SETTING UP FOR LONG-TERM SUCCESS
To avoid meeting the fate of CRM failure or to ensure you get the most out of your Salesforce implementation, we recommend getting the following in place before making the investment:
- Identify your business goals –– What do you want to accomplish? And what data do you need to accomplish it? Once you understand what your needs are you can prioritize the use cases that will drive the implementation.
- Outline the process you want to improve –– start with one process or use case. This helps keep it manageable and measurable. Once you refine it and prove it, you can implement it across other use cases.

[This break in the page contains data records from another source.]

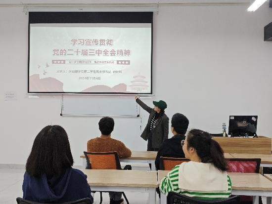 本网讯(大数据学院 文/金迪 图/赵金美)为深化学生党员对党的二十届三中全会精神的理解,11月4日,大数据学院第二学生党支部在睿知楼404教室举行“学习宣传贯彻党的二十届三中全会精神”宣讲会。支部书记孙秋韵主讲,支部全体党员参加。
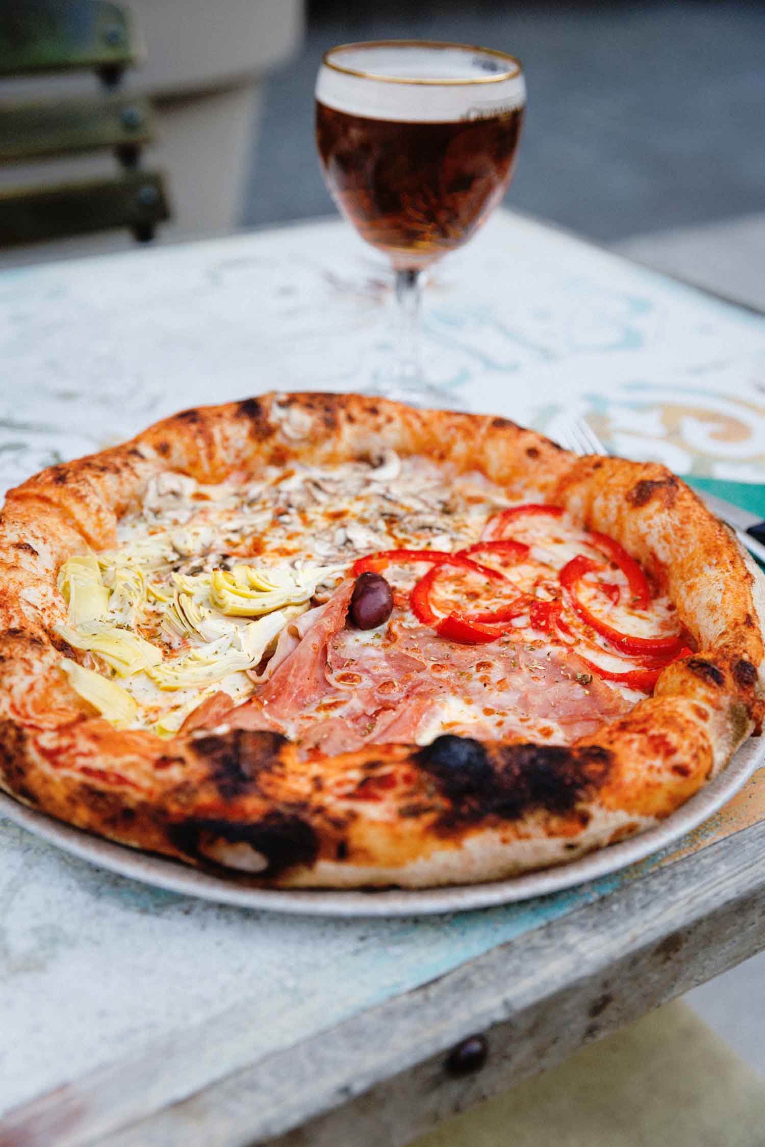 Pelati, sir, slani inćuni, kapari, karamelizirani luk, artičoke, češnjak, maslina
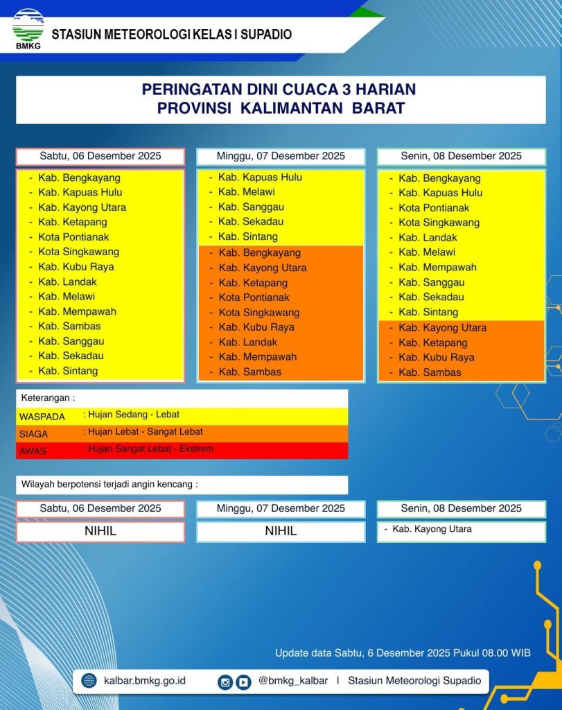 Pada Sabtu, 6 Desember 2025, BMKG menandai sejumlah wilayah dalam kategori waspada hujan sedang–lebat. Daerah yang berpotensi terdampak yakni Bengkayang, Kapuas Hulu, Kayong Utara, Ketapang, Kota Pontianak, Kota Singkawang, Kubu Raya, Landak, Melawi, Mempawah, Sambas, Sanggau, Sekadau, dan Sintang.
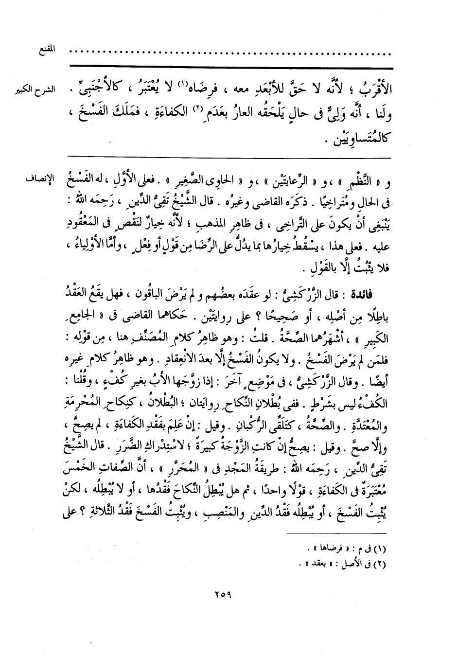 فائدة: قال الزَّرْكَشِي: لو عقَدَه بعضُهم ولم يَرْضَ الباقُون، فهل يقَعُ العَقْدُ باطِلًا مِن أصْلِه، أو صَحِيحًا؟ على رِوايتَين. حَكاهما القاضي في «الجامِعِ الكَبِيرِ»، أشْهَرُهما الصِّحَّةُ. قلتُ: وهو ظاهِرُ كلامِ المُصَنِّفِ هنا، مِن قوْلِه: فلمَن لم يَرْضَ الفَسْخُ. ولا يكونُ الفَسْخُ إلَّا بعدَ الانْعِقادِ. وهو ظاهِرُ كلامِ غيرِه أيضًا. وقال الزرْكَشِيُّ، في مَوْضِع آخَرَ: إذا زوَّجَها الأبُ بغيرِ كُفْءٍ، وقُلْنا: الكُفْءُ ليس بشَرْطٍ. ففي بُطْلانِ النِّكاحِ رِوايَتان؛ البُطْلانُ، كنِكاحِ المُحْرِمَةِ والمُعْتَدَّةِ. والصِّحَّةُ، كتَلَقِّي الرُّكْبانِ. وقيل: إنْ عَلِمَ بفَقْدِ الكَفاءَةِ، لم يصِحَّ، وإلَّا صحَّ. وقيل: يصِحُّ إنْ كانتِ الزَّوْجَةُ كبيرَةً؛ لاسْتِدْراكِ الضَّرَرِ. قال الشَّيخ تَقِيُّ الدِّينِ، رَحِمَه اللهُ: طريقَةُ المَجْدِ في «المُحَرَّرِ»، أنَّ الصِّفاتِ الخَمْسَ مُعْتَبَرَةٌ في الكَفاءَةِ، قوْلًا واحدًا، ثم هل يُبْطِلُ النِّكاحَ فَقْدُها، أو لا يُبْطِلُه، لكنْ يُثْبِتُ الفَسْخَ، أو يُبْطِلُه فَقْدُ الدِّينِ والمَنْصِبِ، ويُثْبِتُ الفَسْخَ فَقْدُ الثَّلاثةِ؟ على
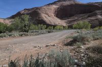 A scenic drive on a dirt road through the red rock landscape of Utah. The rugged terrain and clear sky make for a perfect off-road adventure. Explore the desert wilderness and experience the breathtaking beauty of the canyonlands.
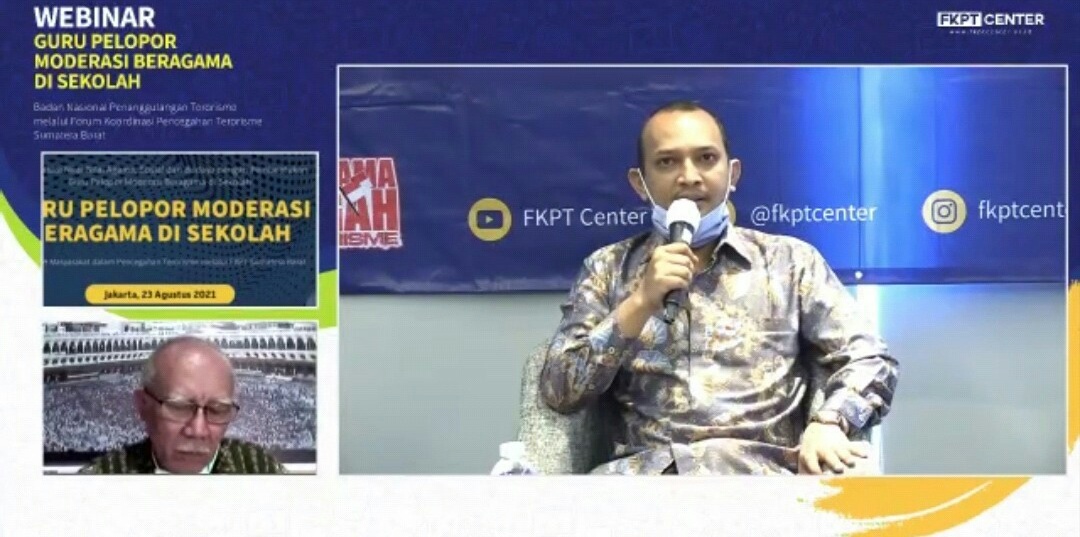 IWOSUMBAR.COM, Padang – Untuk mencegah secara dini paham radikal (radikalisme) maka FKPT Sumatera Barat menggelar Webinar yang bertajuk ‘Guru Pelopor Moderasi Beragama di Sekolah’. WEBINAR diikuti lebih dari 200 peserta terdiri dari para guru agama dan guru umum serta para pengasuh pondok pesantren, pagi hingga siang ini (Senin, 23/8).
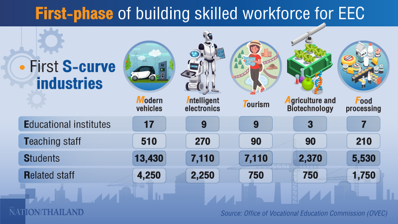 Personnel will also be required for new S-curve industries in other EEC provinces, namely Chanthaburi, Sa Kaew, Trat, Prachinburi and Nakhon Nayok. The industries targeted here are automobiles, smart electronics, tourism, food processing, industrial robotics, aviation, logistic and digital business.
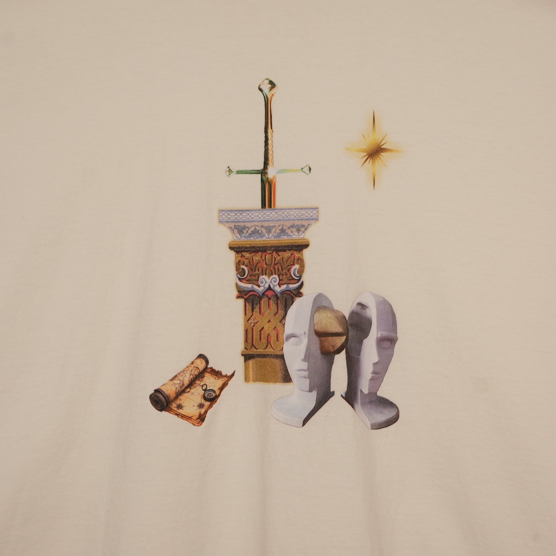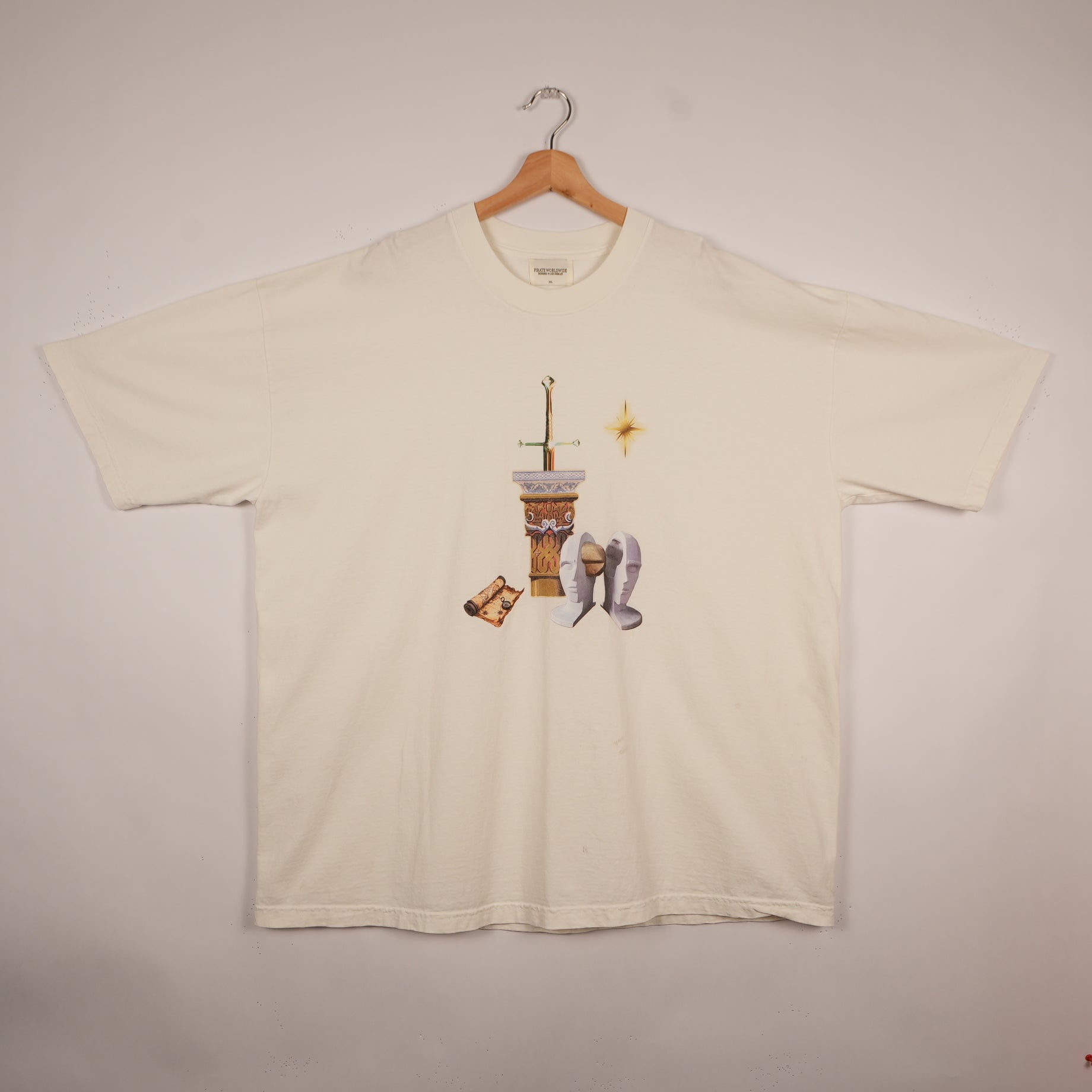 This Pirate Worldwide tee brings a clean minimal aesthetic with a fantasy-inspired twist. It features a centered print of medieval elements — a sword, a chalice, armor, a map, and a shining star — giving it an elevated yet mysterious look.
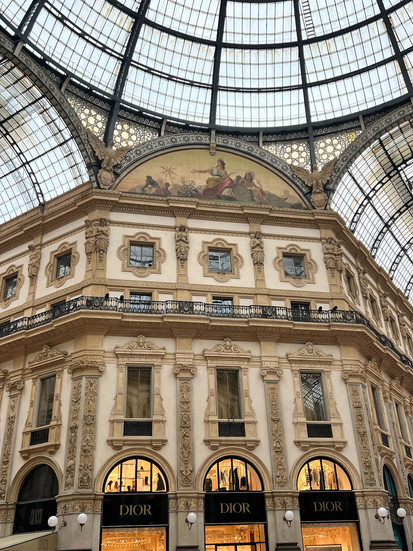 Our second major stop of the tour was the Galleria Vittorio Emanuel II, the largest shopping arcade in Italy. This four-story shopping gallery was built in 1877 and is home to the flagship locations of Armani, Gucci, Prada, and Louis Vuitton. Katie couldn't care any less about the shopping options, but she did take notice of the four mosaics at the center of the shopping area- one representing each of the four main "areas of influence:" Europe, the Americas, Africa, and Asia!
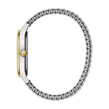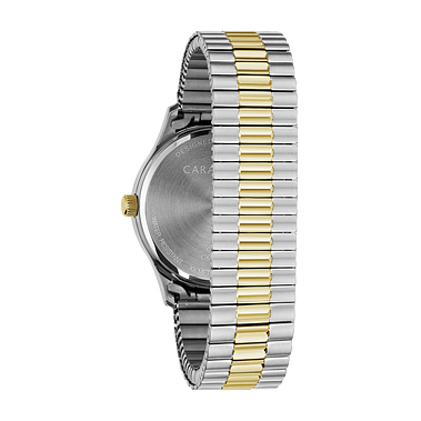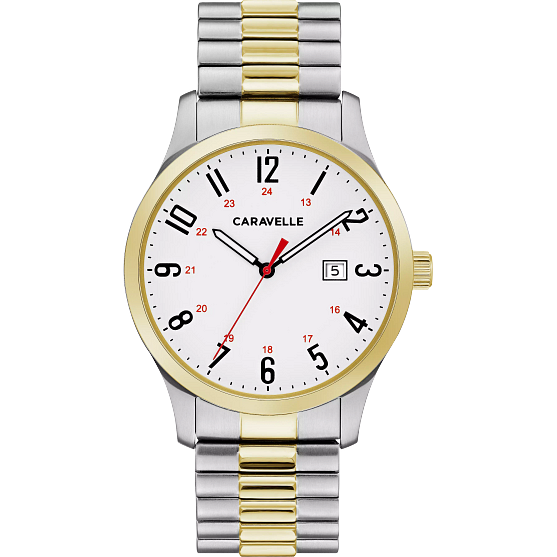 Timeless design, wear-with-everything style. Complete with easy-to-read bold 24-hour design and three-hand date feature on a matte white dial. Gold-tone accented stainless steel case and comfort-fit expansion bracelet are the finishing touches on this classic watch.

- Develop an onboarding and training plan –– part of this will include leadership adoption as they will be key in getting others bought-in to use it. Identify who your power users will be and leverage them as champions for the project. You’ll also want to have a cadence for training and auditing so everyone knows what to expect.
- Get all stakeholders involved –– this will be important to facilitate adoption. If all stakeholders can contribute to how the tool will be implemented and see how it will improve their workflow, they’ll be more apt to adopt it and advocate for it.
- Have a multi-device mobile strategy –– making your CRM available when and where your team wants to use it will also help improve adoption.
- Identify manual processes –– take some time to map out manual processes that can be automated, paying particular attention to your most critical workflows and core processes.
- Develop a process for documenting –– this should include documenting the overall system as well as any updates or changes made, and policies and procedures. This will help ensure your Salesforce intelligence doesn’t leave the organization if the person administering it leaves. Additionally, be sure that user permissions and classifications are updated regularly to ensure that the right members have admin access and the system isn’t exposed to users who are no longer with the organization.
- Have a point person or team to manage it all –– having an internal administrator and/or outside team to help implement and manage Salesforce will help ensure technical issues are quickly taken care of, new feature rollouts are quickly implemented, and the tool evolves with your organization as you grow.
CRMs are a significant investment of resources ––time, money and people. You want to be sure you get the highest rate of return on that investment, and doing so requires far more than simply finding the right solution. That’s just the first step. When implemented correctly, CRMs can increase revenue streams by upwards of 40%, increase productivity by 50% and even drive down costs by 40%, according to a report compiled by IBM.
Keep in mind too, 70% of customers say connected processes are very important to winning their business and 56% actively seek to buy from the most innovative companies, according to the Salesforce “State of the Connected Customer” report.
In a world where customers expect companies to understand their needs and expectations, operating without a well-oiled and efficient CRM can quickly lead to irrelevance. Future proof your organization by thinking through your digital strategy.